____ DATASET
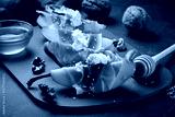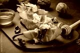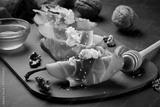 Sliced pear wrapped in prosciutto, topped with cream cheese and sesame seeds, served on an elegant black slab plate
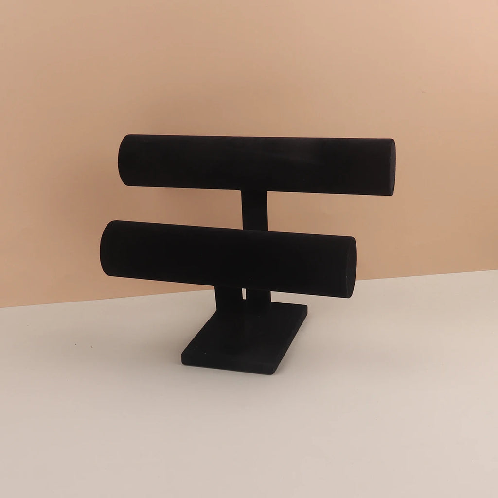 Organize and display your bracelets, chains, and watches with this stylish velvet T-bar rack. It provides a chic storage solution for your jewelry collection.
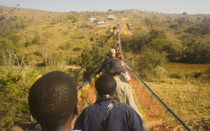 The Khelekhele suspended footbridge spans 93.5 meters across the Black Mbuluzi River, providing year-round, safe access for more than 4,250 residents. USI led the project with students from Penn State University and the University of Colorado Boulder collaborating on the construction.
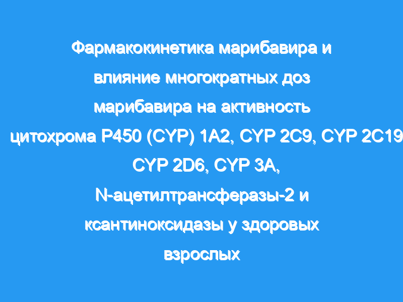 Фармакокинетика и безопасность марибавира, а также влияние марибавира на активность цитохрома Р450 (CYP) 1A2, CYP 2C9, CYP 2C19, CYP 2D6, CYP 3A, N-ацетилтрансферазу-2 (NAT-2) и ксантиноксидазу (XO) оценивали в рандомизированном двойном слепом плацебо-контролируемом исследовании.Двадцать здоровых испытуемых получили фенотипирующий коктейль из пяти препаратов, состоящий из кофеина (CYP 1A2, NAT-2, XO), варфарина плюс витамин К (CYP 2C9), омепразола (CYP 2C19), декстрометорфана (CYP 2D6) и мидазолама (CYP 3A) за 4 дня до и после 7 дней лечения марибавиром по 400 мг два раза в день (16 пациентов) или плацебо (4 пациента) в течение 10 дней.
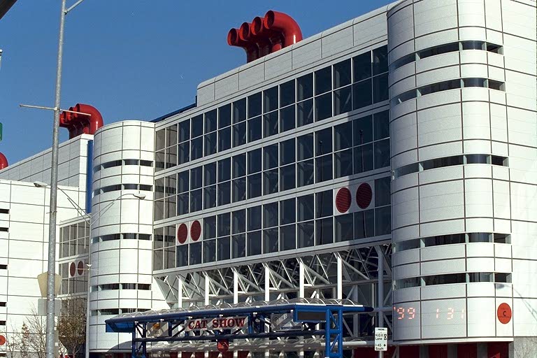 Today's Action Photo is a picture of the George R. Brown Convention Center in downtown Houston, Texas. I was here to see a cat show in January, which was pretty neat. This is an incredibly frustrating building to get to, though, since it can be seen from highways 45 and 10, and yet it can only be reached by taking an obscure exit and then looping back through small downtown streets. Photo taken with a handheld Canon Elan IIe camera, 70-200mm f/2.8L lens with a B+W multicoated UV filter, Kodak Royal Gold 400 film. Photo CD scan done by Advanced Digital Imaging of Fort Collins, Colorado.
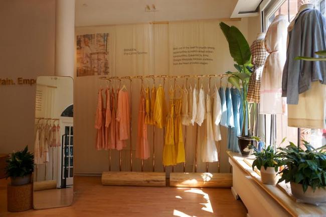 The space is bathed in natural light and accented by elements in rose gold, cork and recycled wood. Every detail is special in this store, from custom-made racks that give a nod to the humble shuttle (used to handweave fabric) and dreamy wall panels of handwoven chanderi and khadi that tell the journey of the brand.
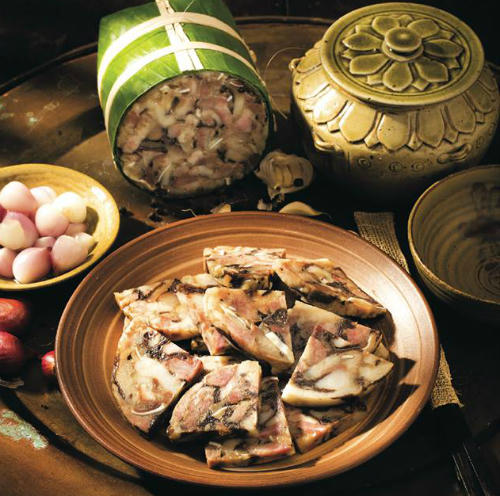 Cho thịt vào khuôn nén lại hoặc gói trong lá chuối, ép chặt. Đợi thịt nguội mới cho vào ngăn mát tủ lạnh, khoảng 8 tiếng thịt đông lại là dùng được.
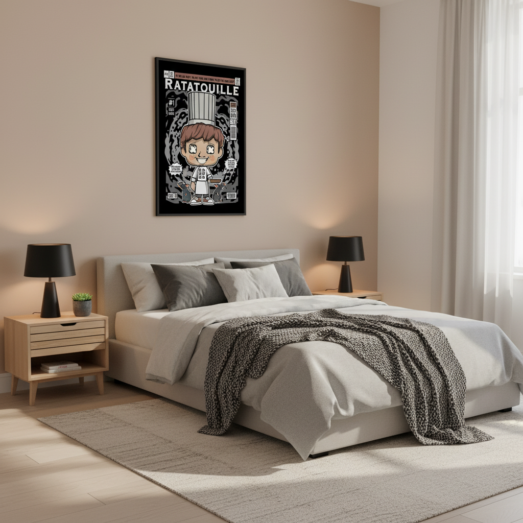 Bring a slice of whimsy to your kitchen with our fun Funko Framed Poster Wall Art showcasing Ratatouille’s talented chef! This delightful print enhances your space, encouraging culinary creativity and joy. Ideal for dining areas or kitchens , it adds a playful charm that resonates with food lovers. Add this piece to your home decor artwork collection and let every meal feel
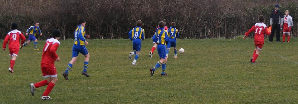 (29/03/08) Against a strong Bodedern side the Under 13s gave a good first half display in this morning's game at Malltraeth and were only three down at the interval then came close to pulling a goal back soon after the break. From then on it all went downhill in what has become a familar story as an avalanche of second half goals gave the visitors victory by eleven goals to nil. It must be frustrating for the coaches to see goals so easily conceded after the early play has so often looked promising.
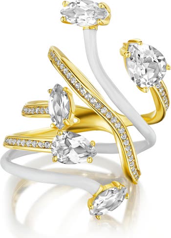 Marquise- and pear-cut white topaz adds radiant sparkle to this two-tone vine ring with added pavé sparkle.
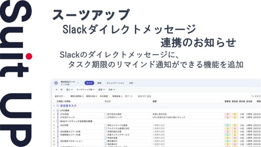 今般、当社では、スーツアップが、当該機能において、ビジネス・チャットツール「Slack」(スラック)のダイレクトメッセージにタスク期限の通知ができる機能を追加したことをお知らせします。
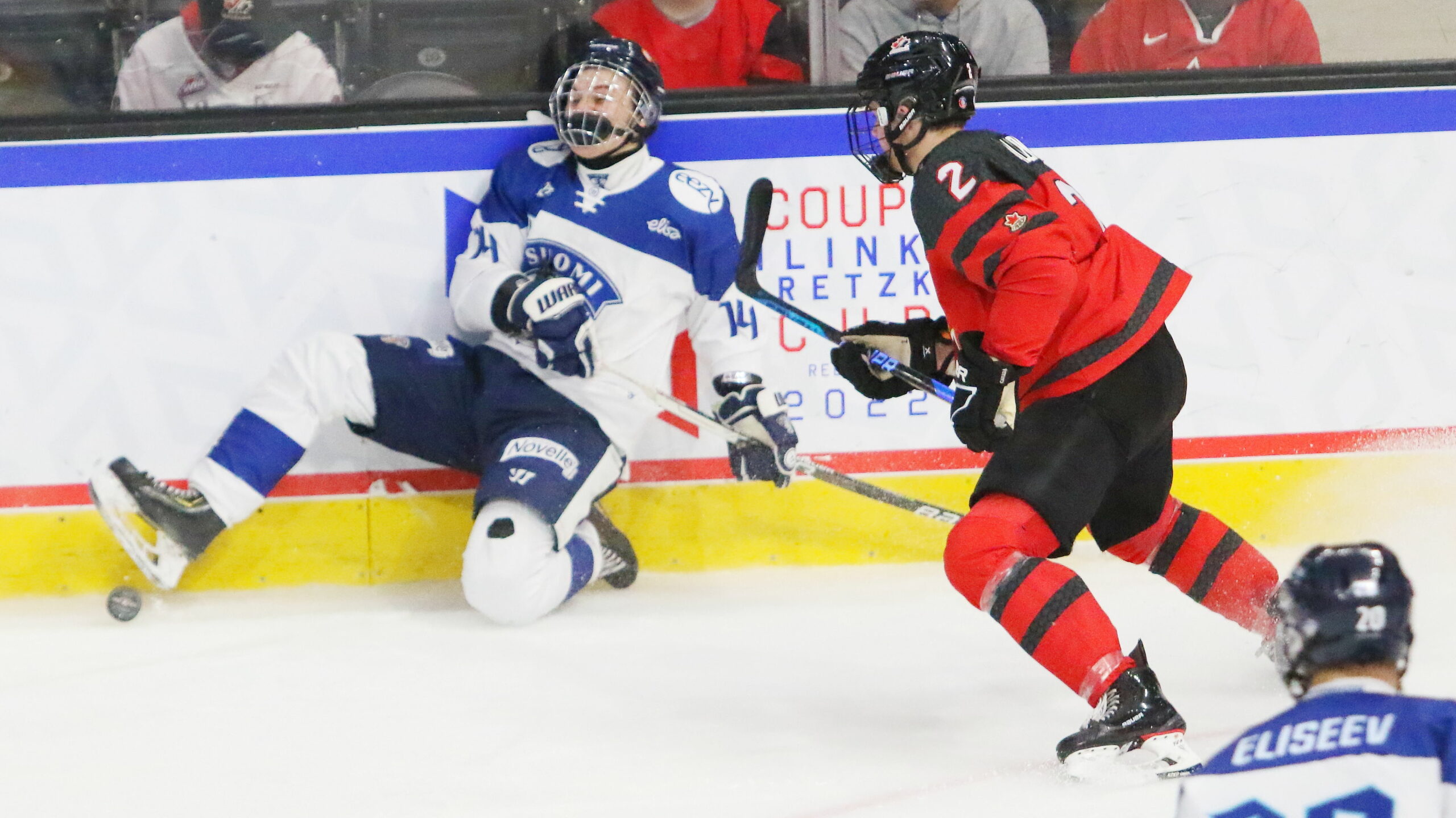 6T4A0443 6. August 2022 2560 × 1440 6T4A0443 Hlinka Gretzky Cup 2022, Semifinal CAN – FIN Aatu Pohjalainen #14, Cameron Allen #2 Peavey Mart Centrium, Red Deer © Puckfans.at/Andreas Robanser
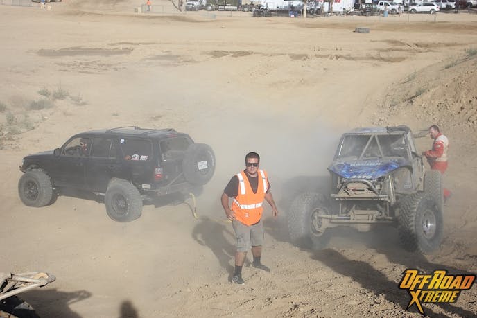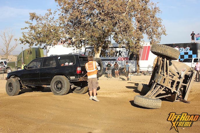 Matt and his 4Runner made for quite a pair at the Glen Helen races, as we mentioned before. On two separate occasions, racers had come in too hot around a corner and stopped upside down. Inverted cars pose a danger if not put upright immediately, which was what guys like Matt are needed for.
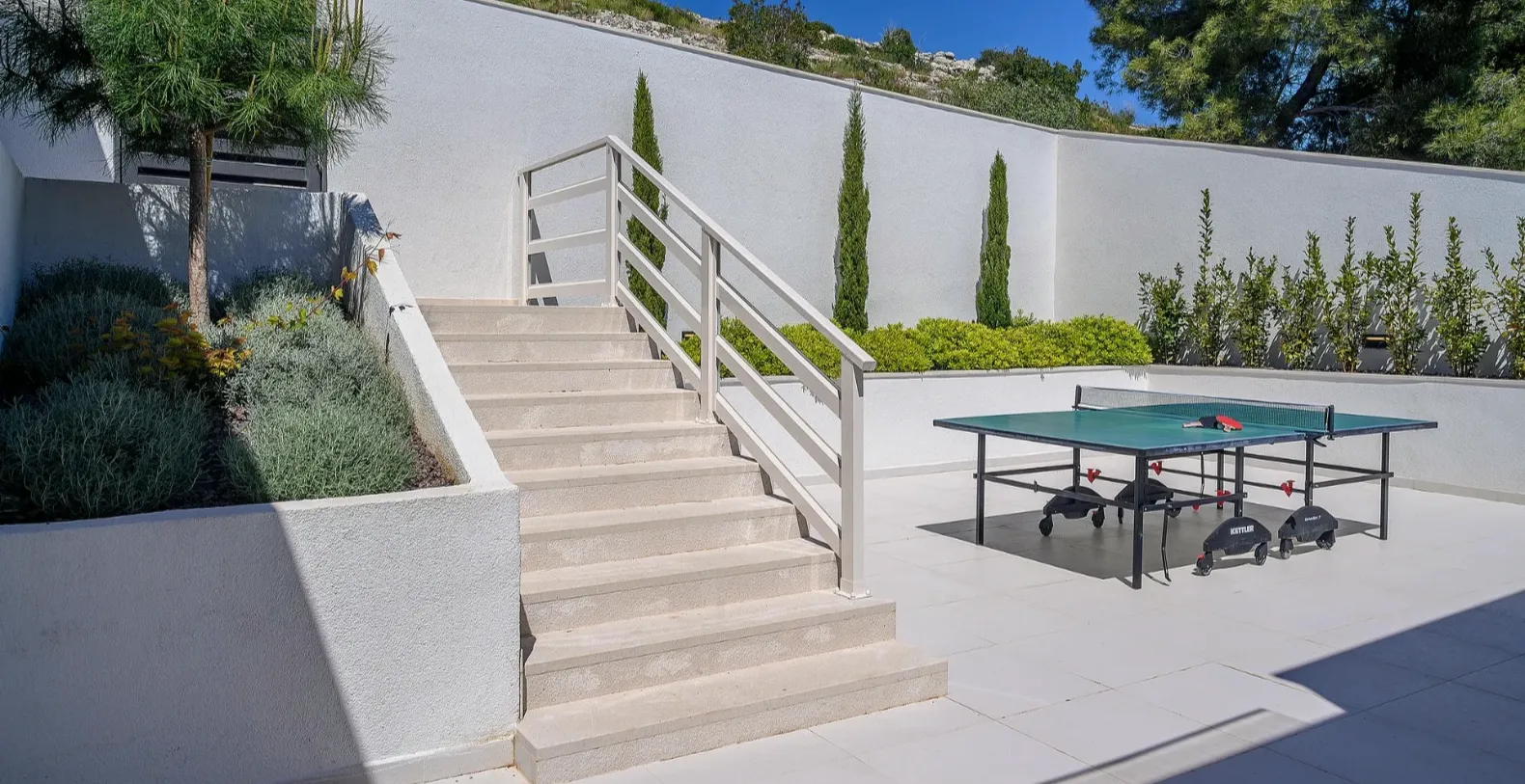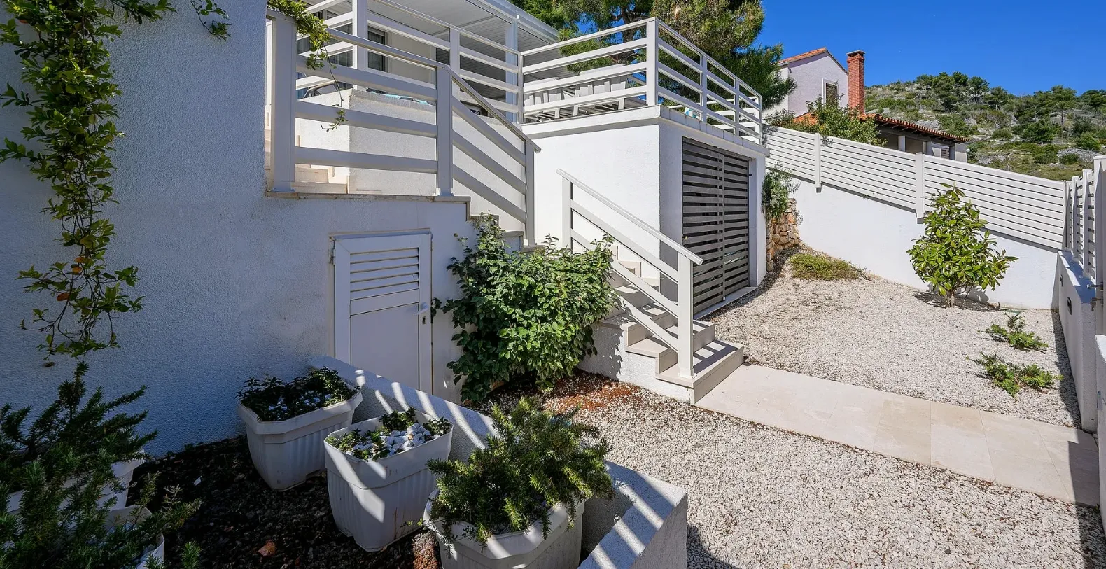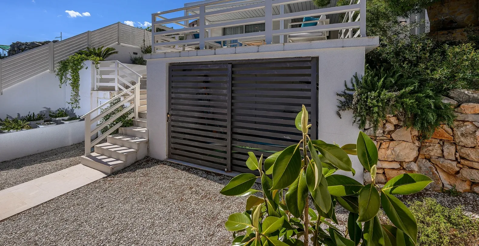 The ground floor comprises two double bedrooms with en suite bathrooms, each opening out onto the villa's courtyard. Nearby is a summer kitchen, ideal for al fresco dining. The villa has a terraced garden, which is partly paved with white local stone, and the bottom of the garden is covered in lawn with a gate that opens out directly onto a private flat rock beach. On the terrace, there is a covered area with an outdoor table and chairs. The villa has a private garage for two cars. In all, it is a unique villa.
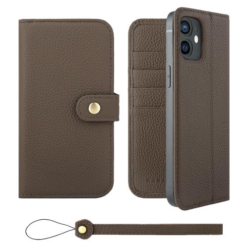 HANATORA iPhone12mini ケース 手帳型 本革 スマホケース スマホ スタンド ストラップ 付き シュリンクカーフレザー ギフト ベルトあり マグネットなし トープ H0XB-12mini-Taupe 父の日ギフト 父の日 ギフト 誕生日 人気商品 お父さん 服 30代 40代 50代 60代 70代
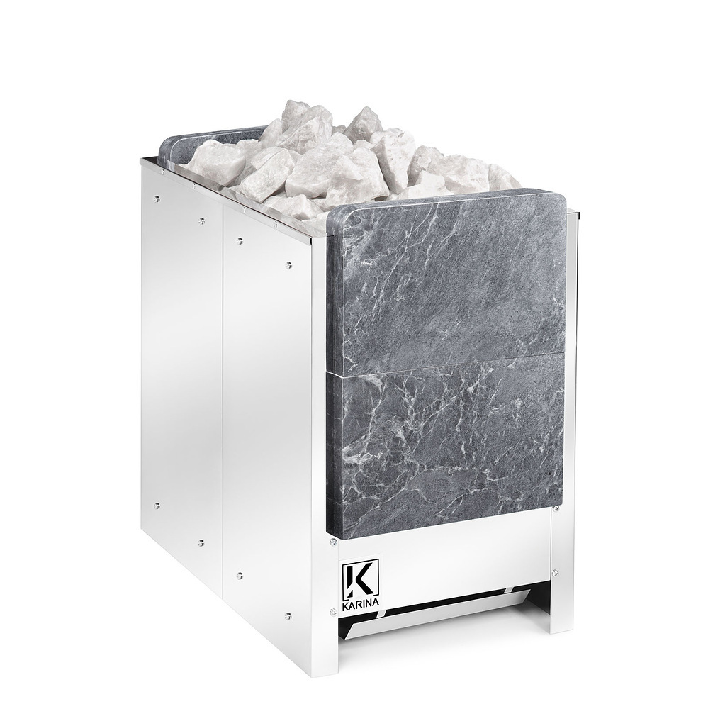 Электрическая печь KARINA Tetra 28 Талькохлорит идеально подходит для коммерческих саун - объемом до 50 кубических метров. Благодаря своему стильному и лаконичному дизайну, электрокаменка впишется в сауны с различным интерьером.
________
§ **ABOUT THIS TASK**: Up to and including the line containing "The Khelekhele suspended", quote each line of the entries above from the very first, please, exactly and without images.

§ **ANSWER BELOW**:
 Sliced pear wrapped in prosciutto, topped with cream cheese and sesame seeds, served on an elegant black slab plate
 Organize and display your bracelets, chains, and watches with this stylish velvet T-bar rack. It provides a chic storage solution for your jewelry collection.
 The Khelekhele suspended footbridge spans 93.5 meters across the Black Mbuluzi River, providing year-round, safe access for more than 4,250 residents. USI led the project with students from Penn State University and the University of Colorado Boulder collaborating on the construction.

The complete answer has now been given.